Dany Boon, dopo lo strepitoso successo ottenuto con l’esilarante, originale e imitatissimo “Giù al nord” (2008), ci riprova con “Niente da dichiarare?”, pellicola che ci riporta indietro di quasi 20 anni quando, con il trattato di Maastricht, vennero abbattute le frontiere nei paesi dell’Unione Europea. Questa volta il luogo del contendere è un paesino sul confine franco-belga dove è in corso una sorta di guerra privata tra un doganiere belga, l’irascibile e razzista Vandevoorde, e gli automobilisti ed i colleghi francesi, tra cui il pacioso Ducatel, innamorato della di lui sorella. La creazione di una squadra mobile mista sarà l’occasione per avvicinare e far conoscere i due litiganti. Il film, per chi ha visto “Bienvenue chez les Ch’tis”, ne è il naturale proseguimento, semplice, senza troppe pretese, basato sul naturale gioco delle parti, esportabile ovunque, in cui si punta sulle esagerazioni macchiettistiche dei caratteri “razziali”, finendo forse per cavalcare un po’ troppo i facili stereotipi culturali, che guardano al folklore ma che sanno anche colpire le umane debolezze.

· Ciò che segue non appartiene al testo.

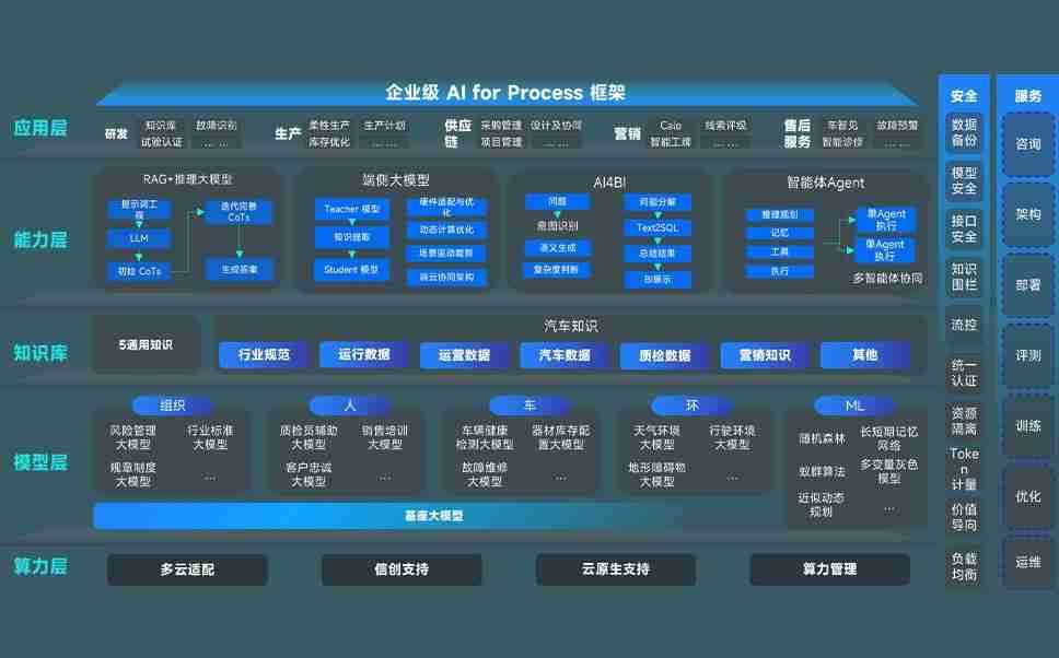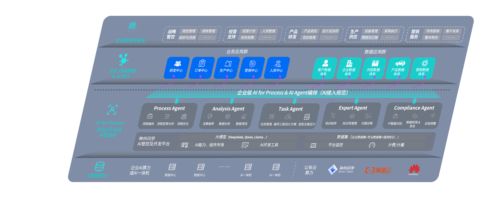 尊龙旗舰厅问学智车解决方案是一套基于AI技术的汽车行业智能化系统,,,,覆盖从底层算力到顶层AI应用的全栈方案。。。。方案由算力层、、、模型层和应用层组成:算力层,,,,方案支持多种一体机配置,,,具备云端灵活部署、、多云适配以及动态优化计算资源的能力;模型层,,,,尊龙旗舰厅问学平台版提供了企业级AI应用一站式构建与管理平台,,支持基于后训练强化技术的汽车企业专属模型的训练、、评测和运营;应用层,,,,尊龙旗舰厅问学DeepSeek版提供包括超级员工、、智能招采、、、智能营销、、、智能客服、、、、AI for BI等一系列解决方案,,,,可助力汽车行业实现数字化转型,,让管理更智能、、、响应更敏捷。。

Anche in questo caso, partendo da un minuscolo e provinciale contesto locale, si pongono le basi per decontestualizzare il “naturale” conflitto tra vicini e per farne occasione di scherzosa, ma cruda, disamina di problematiche importanti.
La tipizzazione caricaturale dei personaggi, in cui la mimica facciale va a fondersi con le rispettive qualità caratteriali, ha forse il torto, depauperata di una valenza morale, di ridurre il tutto ad una sorta di autocompiacimento nel cercare la risata con la riproposizione trita e ritrita delle più classiche barzellette denigratorie, in questo perdendo nettamente il confronto con la levità del precedente cinematografico. Non a caso questa volta entrano nel lungometraggio anche violenza e qualche volgarità, sconosciute in “Giù al nord”, che rovinano, pur nella loro proposizione ironica e fumettistica, quell’atmosfera da saga paesana cui ci eravamo abituati.
Ma Boon in questo caso va oltre azzardando una lettura sociologico-semplicistica, laddove adduce esemplarmente il fatto che, alla fine, ogni innovazione ed evoluzione è tanto apparentemente complessa quanto semplice e indolore, per dedurne l’assioma che, come in meno di vent’anni si è rivoluzionato il nostro approccio a computer, telefonini e alla tecnologia in genere, così si possono abbattere con la stessa semplicità anche i pregiudizi più atavici che dominano i rapporti tra popoli ed individui. In conclusione, un’opera che regala le magistrali interpretazioni dei due protagonisti, che facilmente riescono a suscitare grasse risate nello spettatore, ma che, pur proponendosi nel solco di “Giù al nord”, forse abusa un po’ troppo di cliché ormai noti e funzionali, finendo così per privarsi di originalità e freschezza, ma, soprattutto, perdendo la capacità di stupire e sorprendere.